Stocks are holding up but investors are rushing into money markets
Key points:
- Assets parked in money market funds have jumped by more than 33% over the past year
- That's the 2nd most extreme year-over-year increase in 40 years
- When assets rise by more than 20% over a year, future returns in stocks tend to be above average
As yields rise, investors rush into money market funds
Investors have been shoving money into cash, and there's no slowdown in sight. As Bloomberg recently noted:
Money-market funds have been scooping up cash in recent months, fueled in large part by depositors pulling their money away from US banks. Much of that flow was driven by more attractive rates, but concern about the steadiness of some smaller lenders helped turbocharge that move last month.
According to the Federal Reserve, retail investors held more than $1.3 trillion (with a "t") in money market assets as of early April. That is, by far, a record high.

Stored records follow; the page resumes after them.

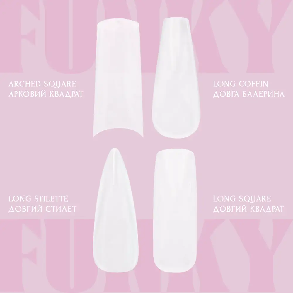 FUNKY GEL NAIL TIPS – dünne, aber starke und flexible Tips auf Basis von Modelliergel und Kunststoff. Sie halten alltäglichen Belastungen gut stand, ziehen gut ein und unterscheiden sich optisch kaum von natürlichen Nägeln. Hergestellt nach der SOAK-OFF-Formel, eignen sie sich zum Entfernen sowohl durch Einweichen mit GEL REMOVER als auch durch Fräsen. Die Tips lassen sich leicht sägen und in der Länge verändern.
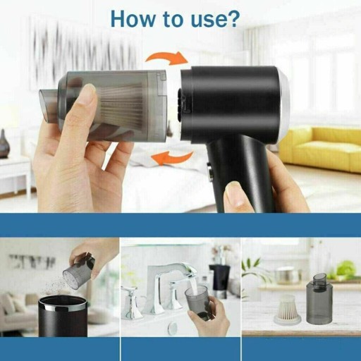 🏎️ Przenośny odkurzacz ręczny jest wyposażony w 2 filtry, 1 dyszę szczotkową i 1 dyszę szczelinową
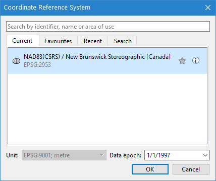 The search box is used to search for coordinate reference systems using a text string. Strings are found if they appear in the identifier, the reference system name, or the area of use.
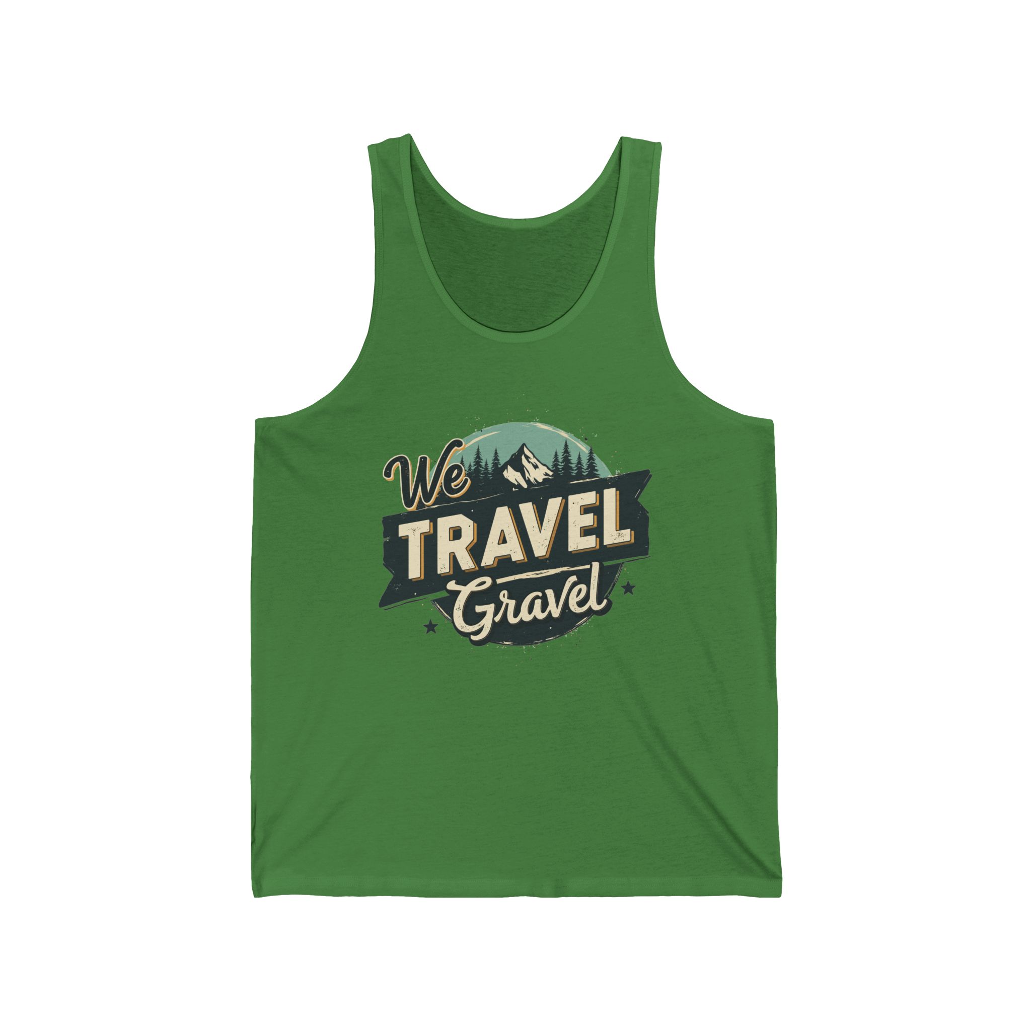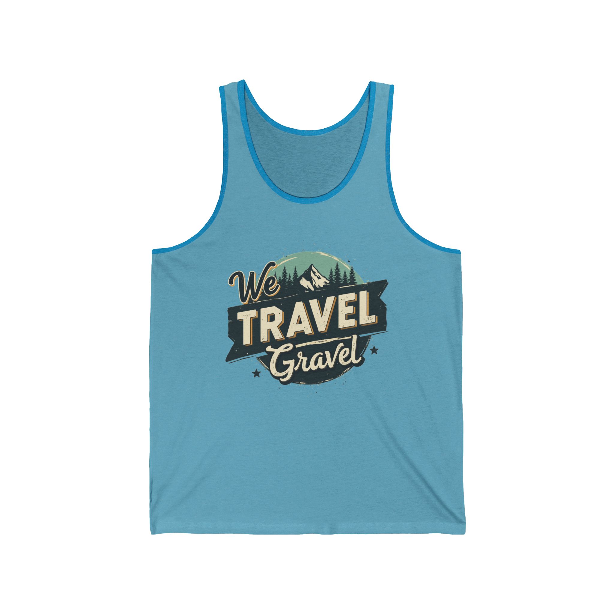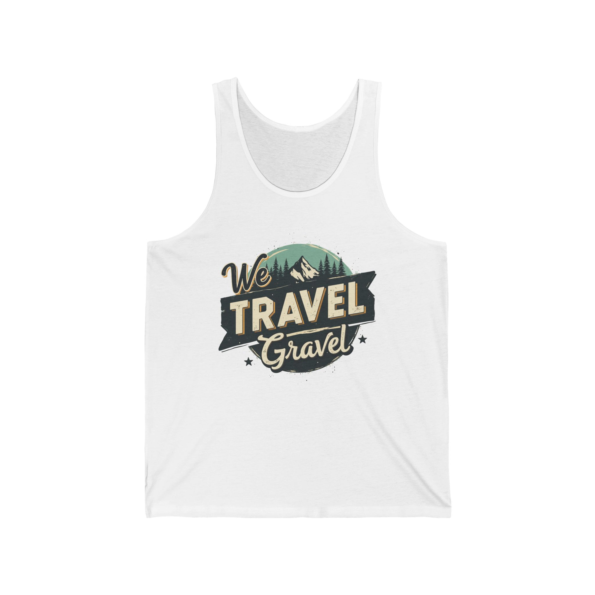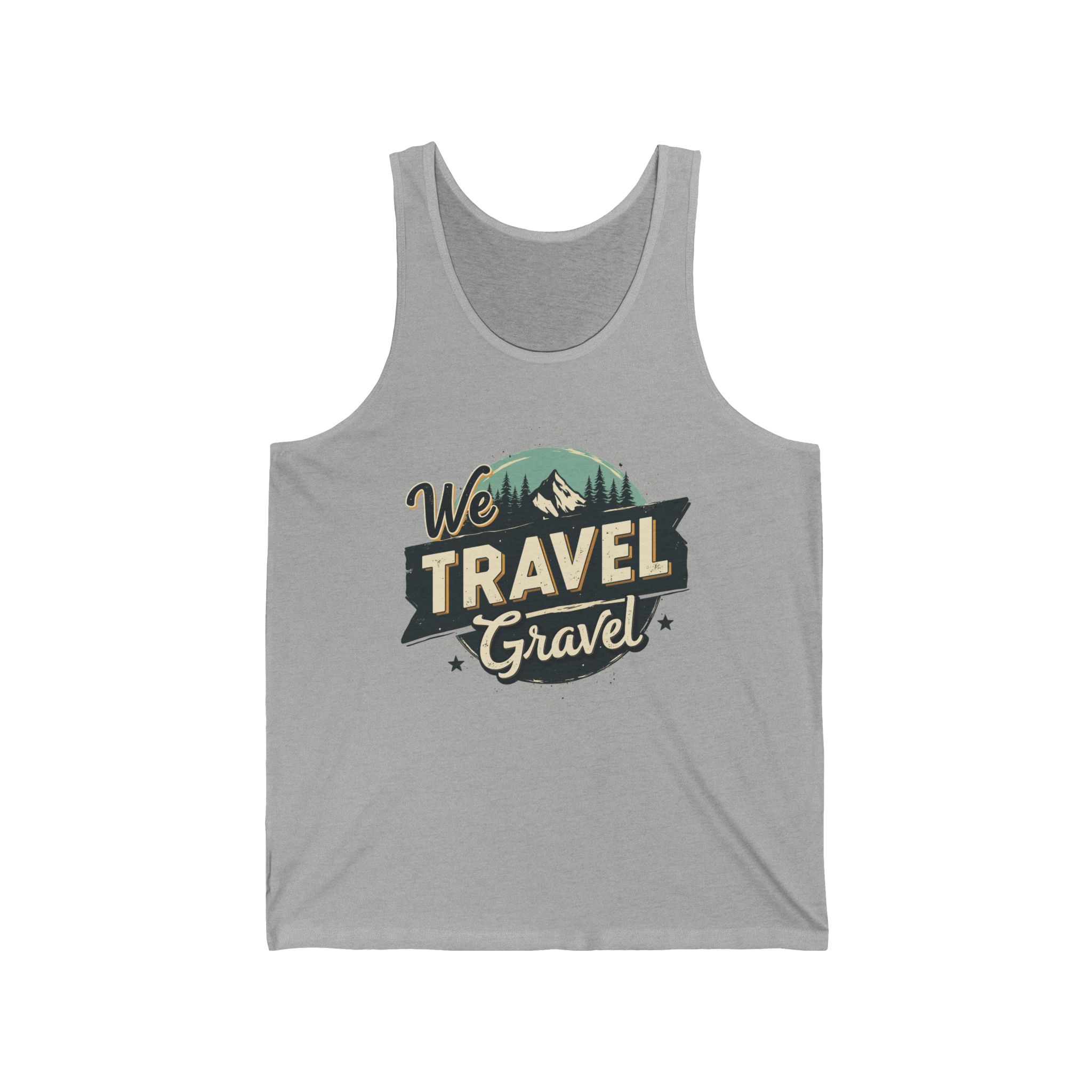 Unleash your inner adventurer with the We Travel Gravel Jersey Tank, perfect for those hot days when you're plotting your next escape! This tank is so comfy, you'll forget you’re wearing it—until someone asks where you got that stylish piece of wanderlust. Ideal for hiking, biking, or simply lounging while contemplating whether to take the scenic route to the fridge. Just remember: this tank won’t carry your gear, but it will definitely carry your dreams of adventure!

Perhaps the most notable aspect is the drastic growth rate in these assets over the past year. The assumed reasons are increased yield on money market funds, paltry yields on bank saving and checking accounts, and uncertain sentiment regarding stocks and other markets after a disastrous year in 2022.
The only other time in 40 years when money market assets grew by more than a third was February 1990, also when the country was dealing with a banking crisis and a near-doubling of interest rates in the years prior.

Whatever the reasons, the implications are that the money, or at least some of it, eventually tends to find its way into the stock market.
When cash levels rise quickly
Avoiding the circular argument about "cash on the sidelines," whenever there has been a rush of cash into money market funds, the medium-term performance of the S&P 500 has been quite good. The biggest caveat is 2008, which was decidedly not.
Assets were growing by more than 20% year-over-year by January of this year, so the table below looks at longer-term returns. Outside of 2008, returns were positive, with particularly outsized gains over the next two years.

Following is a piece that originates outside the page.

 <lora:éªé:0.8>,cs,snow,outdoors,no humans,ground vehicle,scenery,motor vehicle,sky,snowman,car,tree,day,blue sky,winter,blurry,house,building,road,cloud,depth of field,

Other markets didn't respond nearly as favorably. Over the next nine months, Treasury note prices, gold, and commodities generally showed consistent losses, typically in concert with a rising dollar.

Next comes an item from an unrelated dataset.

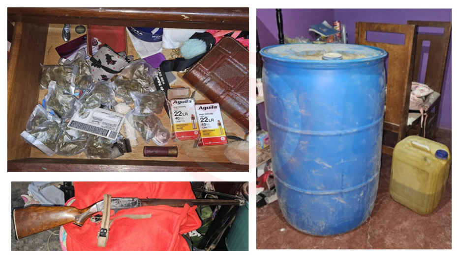 Durante las diligencias, los agentes lograron la detención de una persona del sexo masculino que responde a las iniciales J. C. R. C., a quien le aseguraron 160 dosis de supuesta marihuana, 37 dosis droga sintética tipo “cristal” y un arma de fuego larga con 83 cartuchos útiles calibre 22.

Technology and Health Care tended to show some of the strongest returns among sectors and factors. Thanks in part to 2008, the Defensive sector held up the best, as did Large-Cap stocks. Also, thanks to solid returns outside of 2008, Growth stocks sported the best returns one and two years later.

Looking at the consistency of returns, the biggest standout is the difference between Small-Cap and Large-Cap stocks.

What the research tells us...
The rapid surge in assets held at money market funds cannot fully be explained by investors' fears about the stock market. Maybe not even mostly explained by it. Unlike some past episodes, the surge in those assets over the past six months hasn't gone hand-in-hand with a market decline. It seems clear that much, even most, of the rise is due to investors chasing yields on some of the safest instruments available.
But that, in itself, tells us something about sentiment. While a sudden and drastic rise in these liquid investments proved to be a horribly false buy signal in 2008, other instances proved to be good times for investors to move opposite the crowd and put their money into other assets like stocks.